> PROBLEM REQUIREMENTS
Beginning at the line that contains "Lo chocaron y" and finishing at the line that contains "Hai bị cáo Cường, Nam", output the data below exactly. Include both end lines and no pictures.

> SOURCE INFORMATION
╔══
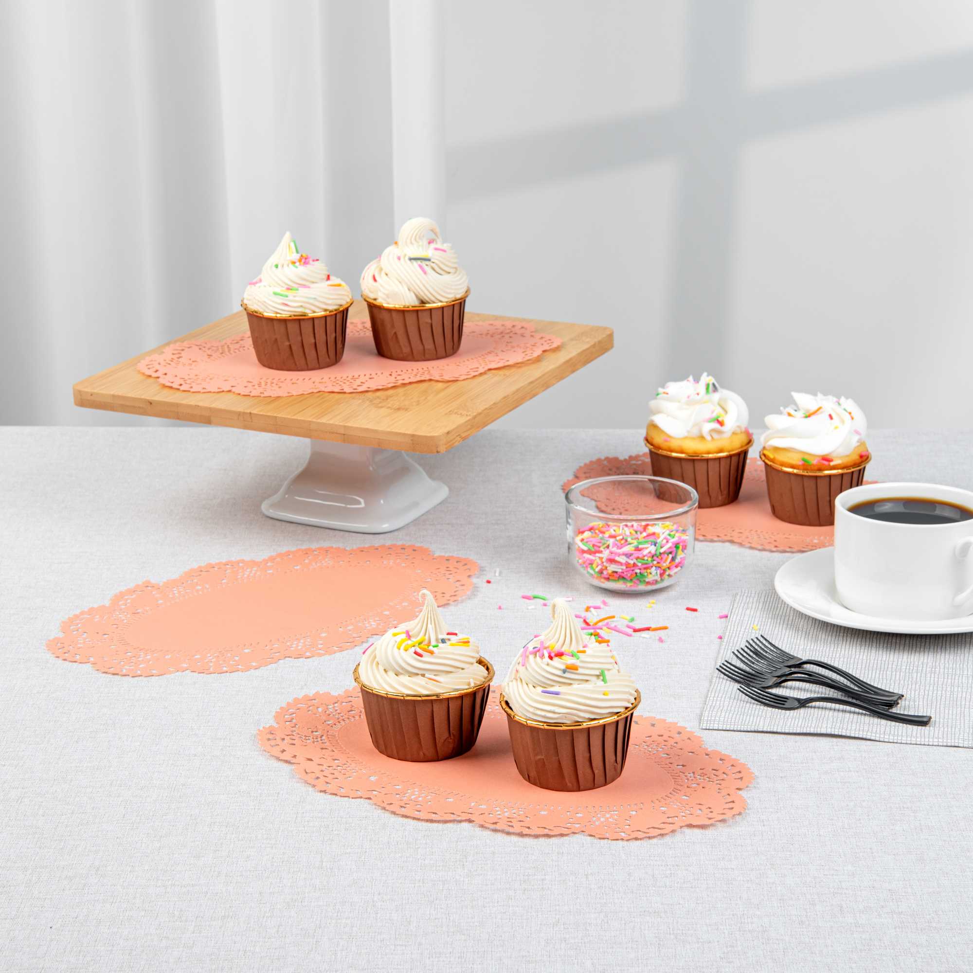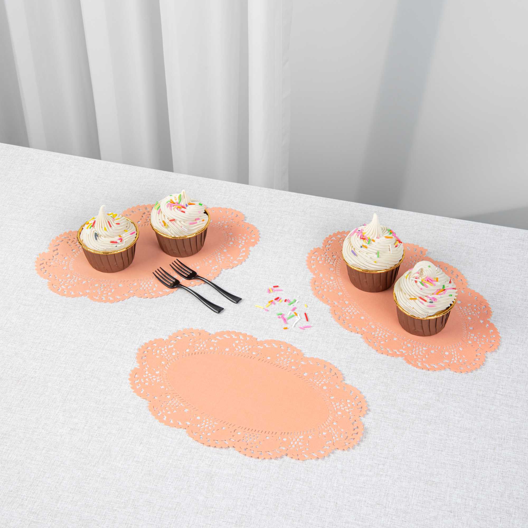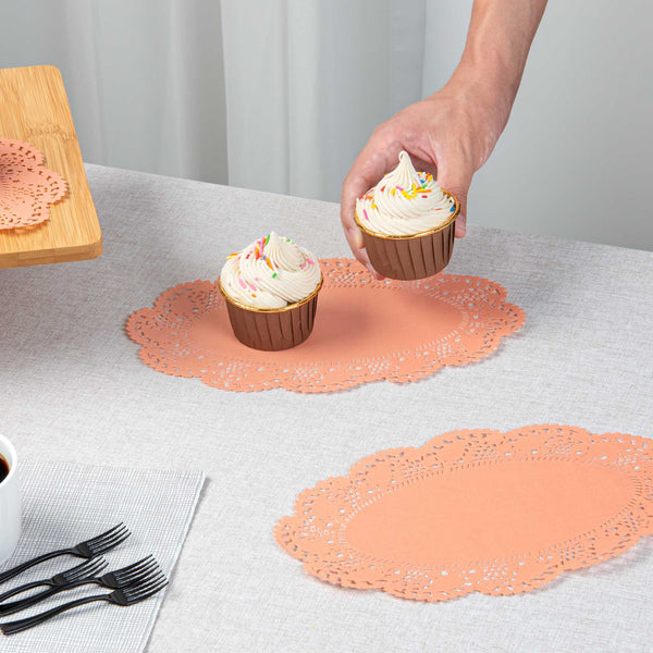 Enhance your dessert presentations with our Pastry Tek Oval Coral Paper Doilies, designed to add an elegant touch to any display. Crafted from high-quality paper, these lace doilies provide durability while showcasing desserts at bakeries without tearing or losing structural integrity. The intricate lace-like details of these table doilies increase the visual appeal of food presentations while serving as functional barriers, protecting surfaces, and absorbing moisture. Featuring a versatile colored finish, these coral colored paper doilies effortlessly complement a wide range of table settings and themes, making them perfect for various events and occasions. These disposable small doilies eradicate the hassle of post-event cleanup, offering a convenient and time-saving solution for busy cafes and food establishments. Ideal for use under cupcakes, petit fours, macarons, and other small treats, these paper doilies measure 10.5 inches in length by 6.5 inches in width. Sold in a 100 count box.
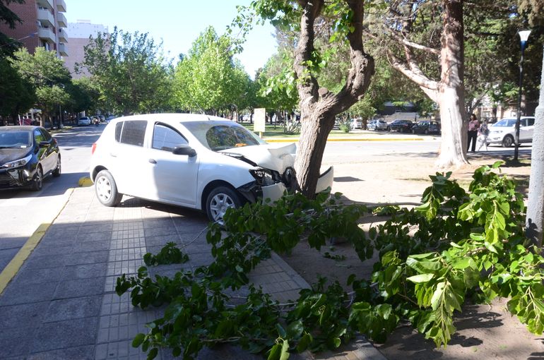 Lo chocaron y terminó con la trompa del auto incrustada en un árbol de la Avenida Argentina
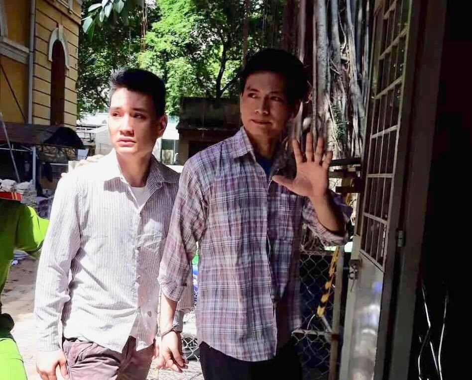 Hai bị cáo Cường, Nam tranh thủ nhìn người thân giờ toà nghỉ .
╚══
╔══
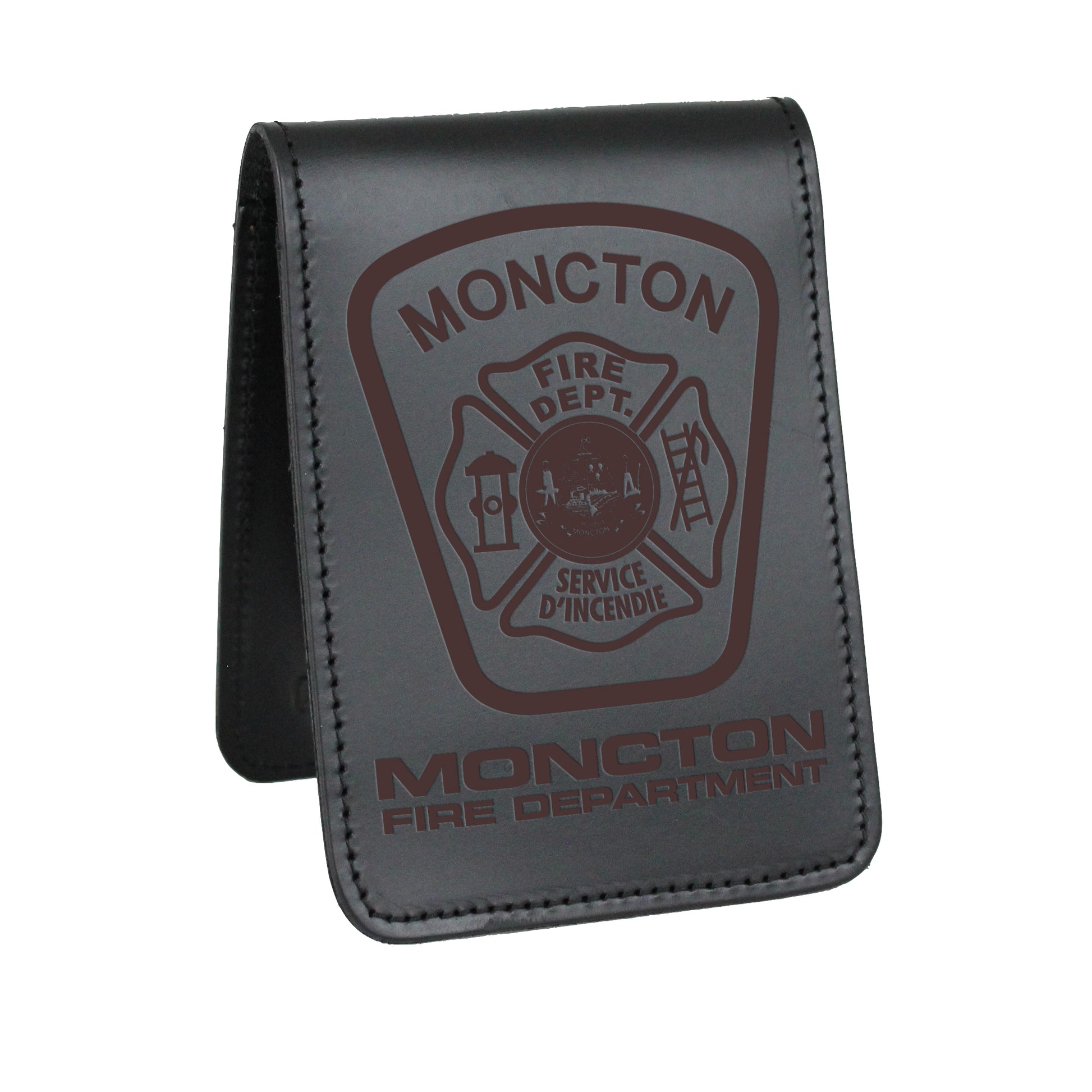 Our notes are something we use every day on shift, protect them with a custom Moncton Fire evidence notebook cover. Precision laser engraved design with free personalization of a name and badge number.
╚══
> RESULT FOR THIS EXERCISE
 Lo chocaron y terminó con la trompa del auto incrustada en un árbol de la Avenida Argentina
 Hai bị cáo Cường, Nam tranh thủ nhìn người thân giờ toà nghỉ .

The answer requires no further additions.